When he turned five at the end of May, I knew it was coming. He started asking more regularly when he could wear undies to bed. At the time, I had an arsenal of excuses with which to push the diaper pail further down the road. “Soon, buddy. I know you’re almost ready,” I kept saying.

But it wasn’t him who needed to be ready. It was me. As a parent who typically welcomes each sign of my children becoming more independent, I struggled to let him cross over this threshold. It took me a while to realize why.

This year has pushed parents to our breaking point time and time (and time) again. As we try to navigate a world filled with uncertainty, illness, and strife, preserving our children’s well-being, not to mention their innocence, has never been more challenging. As silly as it may sound, some part of me looked at those diapers as protection. If he was still wearing diapers, he was a baby. If he was still a baby, I could keep him safe.

If nothing else, it was something I could maintain control of in a sea of uncertainty. During a time when so much has been lost, I wasn’t ready to lose the one thing that still tied him to being “my baby.”

But that’s the remarkable thing about our children. Even when we are stuck, they find a way to move forward. Over the summer I was out of town for work, and my husband said one night over the phone, “I told Griffin if he went a few nights with a dry diaper, we could try undies. I hope that’s OK.” I wanted to resist, but I knew he was right. It was time to let him be a big kid.

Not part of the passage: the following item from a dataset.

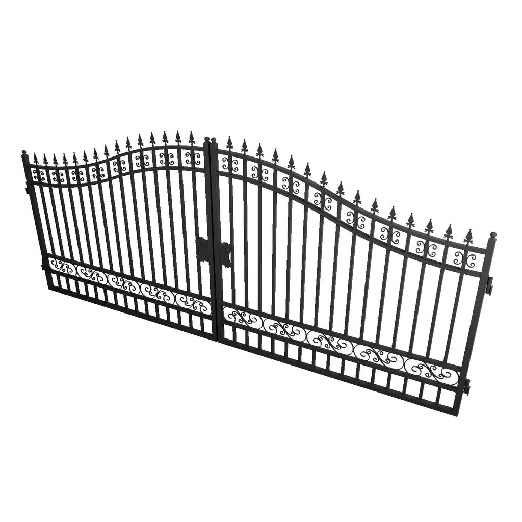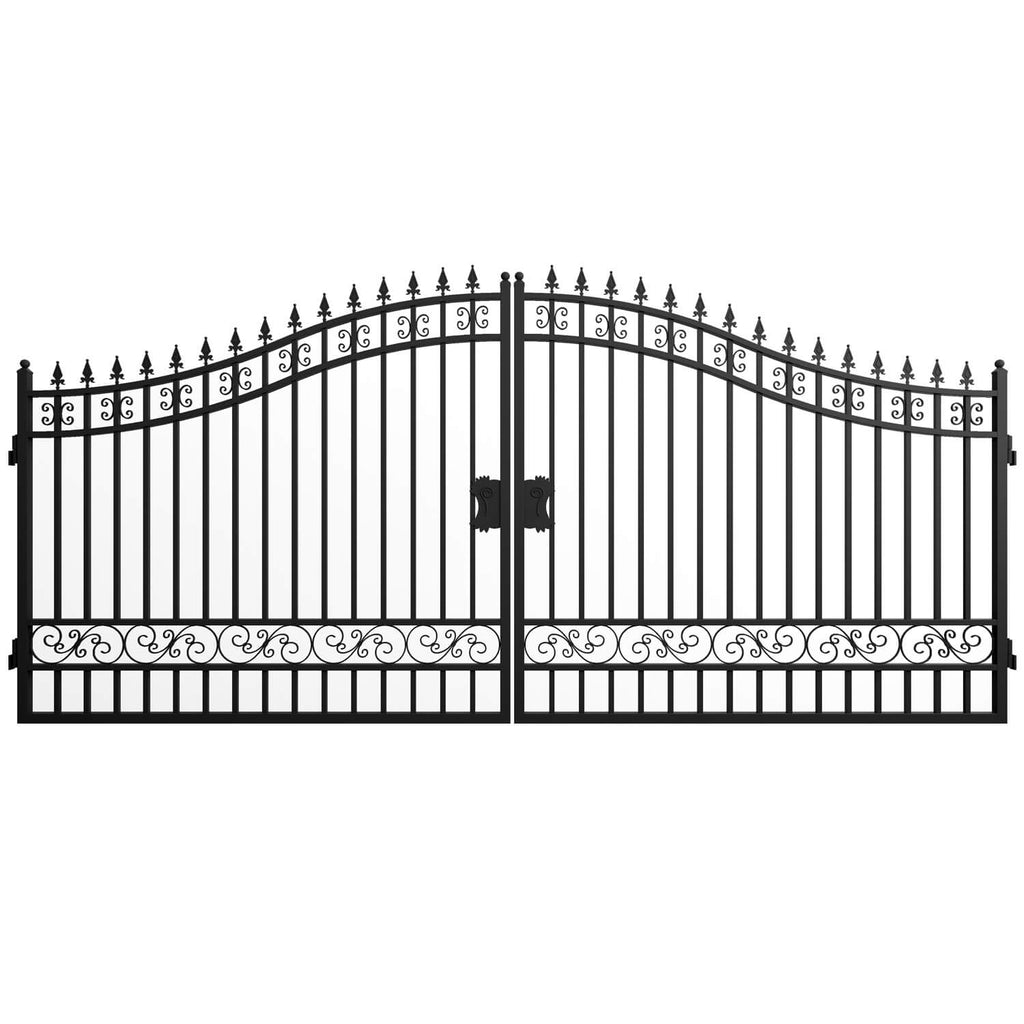 This 16-foot dual swing wrought iron gate offers a classic, timeless look with clean, unadorned lines. Built for durability and security, its sturdy iron construction provides an elegant entryway, while the lack of decorative elements offers a sleek, minimalist aesthetic.

In the early days of this transition he would sometimes find his way to our bed, apologizing for “going peeps in my undies.” Usually too tired to change the sheets and send him back upstairs, on those nights I wrapped my hand around his little leg, now resting on top of mine, and I prayed for more time of him wanting to be this close to me. I also prayed the mattress pad wouldn't leak. Other nights, he succeeded with no accidents, and when awakening to his accomplishment, he’d be both proud and steadfast in his insistence that I not make a big deal of the achievement. It is, after all, just what big kids do.

And now? Well, it's hard to remember the last time he had an accident. He crossed over that milestone and never looked back.

That day in the store, I turned the corner – both literally and figuratively. I turned down a different aisle and didn’t grab the diapers “just in case.” I knew what having them in the house would mean for us both: a lack of faith. It would mean that I didn’t trust either one of us to move forward. And in times like these, it’s more important than ever to believe in the beauty of what lies ahead, especially for our babies and the big kids they’re becoming.